### [Instructions to follow]
Copy every record below exactly, leaving out any pictures.

[Opening Input material section]

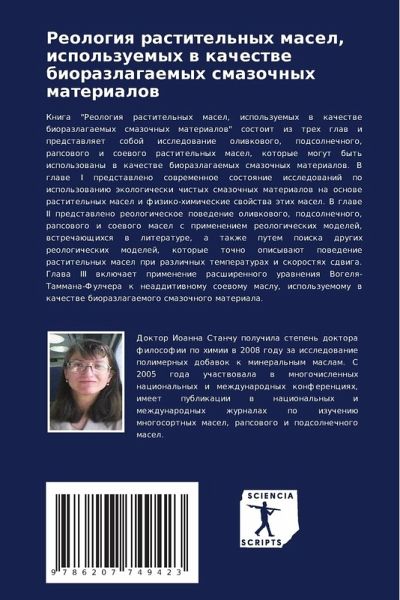 Kniga "Reologiq rastitel'nyh masel, ispol'zuemyh w kachestwe biorazlagaemyh smazochnyh materialow" sostoit iz treh glaw i predstawlqet soboj issledowanie oliwkowogo, podsolnechnogo, rapsowogo i soewogo rastitel'nyh masel, kotorye mogut byt' ispol'zowany w kachestwe biorazlagaemyh smazochnyh materialow. V glawe I predstawleno sowremennoe sostoqnie issledowanij po ispol'zowaniü äkologicheski chistyh smazochnyh materialow na osnowe rastitel'nyh masel i fiziko-himicheskie swojstwa ätih masel. V glawe II predstawleno reologicheskoe powedenie oliwkowogo, podsolnechnogo, rapsowogo i soewogo masel s primeneniem reologicheskih modelej, wstrechaüschihsq w literature, a takzhe putem poiska drugih reologicheskih modelej, kotorye tochno opisywaüt powedenie rastitel'nyh masel pri razlichnyh temperaturah i skorostqh sdwiga. Glawa III wklüchaet primenenie rasshirennogo urawneniq Vogelq-Tammana-Fulchera k neadditiwnomu soewomu maslu, ispol'zuemomu w kachestwe biorazlagaemogo smazochnogo materiala.
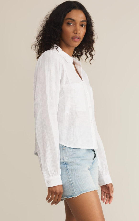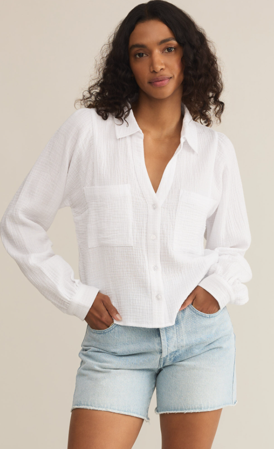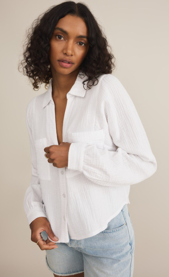 Introducing the Z Supply Campo Button Up Gauze Top! Made with lightweight gauze material, this top is perfect for warm weather. The button-up design adds a touch of class and can be worn open or closed. Look effortlessly chic and feel the breeze in this must-have top.
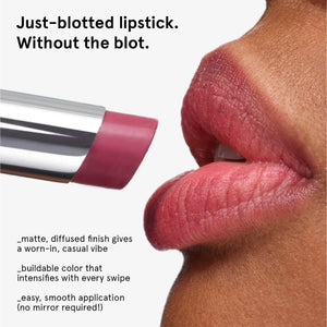 This reformulated fragrance-free sheer-matte lipstick is inspired by makeup artists' lipstick blotting technique, allowing each shade to enhance lips with buildable sheer pigment.
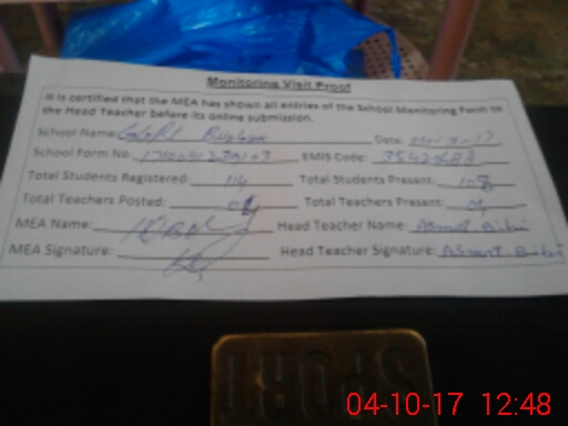| Attendance Register | Head Teacher | MEA with School | Visit Proof |
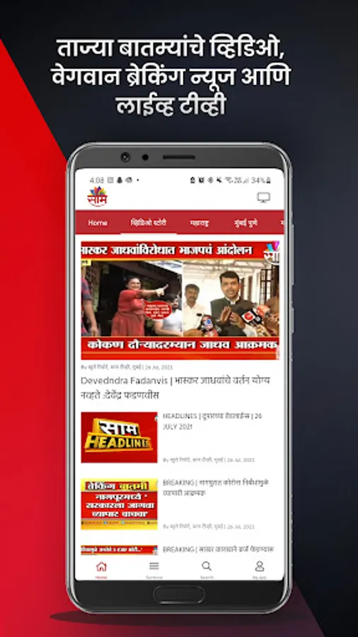 Download the Saam TV live news channel app to be up to date with all local, national and international news and all the latest news in Marathi.
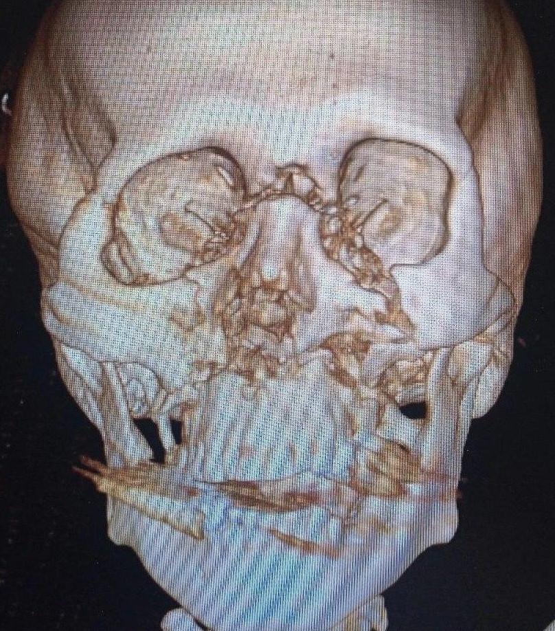 Перед врачами стояла сложная задача. Лицо мужчины пришлось восстанавливать по кусочкам, которых осталось очень мало — фактически врачи создали ему на лице титановую маску.

[Closing Input material section]

### [Output for this task]
 Kniga "Reologiq rastitel'nyh masel, ispol'zuemyh w kachestwe biorazlagaemyh smazochnyh materialow" sostoit iz treh glaw i predstawlqet soboj issledowanie oliwkowogo, podsolnechnogo, rapsowogo i soewogo rastitel'nyh masel, kotorye mogut byt' ispol'zowany w kachestwe biorazlagaemyh smazochnyh materialow. V glawe I predstawleno sowremennoe sostoqnie issledowanij po ispol'zowaniü äkologicheski chistyh smazochnyh materialow na osnowe rastitel'nyh masel i fiziko-himicheskie swojstwa ätih masel. V glawe II predstawleno reologicheskoe powedenie oliwkowogo, podsolnechnogo, rapsowogo i soewogo masel s primeneniem reologicheskih modelej, wstrechaüschihsq w literature, a takzhe putem poiska drugih reologicheskih modelej, kotorye tochno opisywaüt powedenie rastitel'nyh masel pri razlichnyh temperaturah i skorostqh sdwiga. Glawa III wklüchaet primenenie rasshirennogo urawneniq Vogelq-Tammana-Fulchera k neadditiwnomu soewomu maslu, ispol'zuemomu w kachestwe biorazlagaemogo smazochnogo materiala.
 Introducing the Z Supply Campo Button Up Gauze Top! Made with lightweight gauze material, this top is perfect for warm weather. The button-up design adds a touch of class and can be worn open or closed. Look effortlessly chic and feel the breeze in this must-have top.
 This reformulated fragrance-free sheer-matte lipstick is inspired by makeup artists' lipstick blotting technique, allowing each shade to enhance lips with buildable sheer pigment.
| Attendance Register | Head Teacher | MEA with School | Visit Proof |
 Download the Saam TV live news channel app to be up to date with all local, national and international news and all the latest news in Marathi.
 Перед врачами стояла сложная задача. Лицо мужчины пришлось восстанавливать по кусочкам, которых осталось очень мало — фактически врачи создали ему на лице титановую маску.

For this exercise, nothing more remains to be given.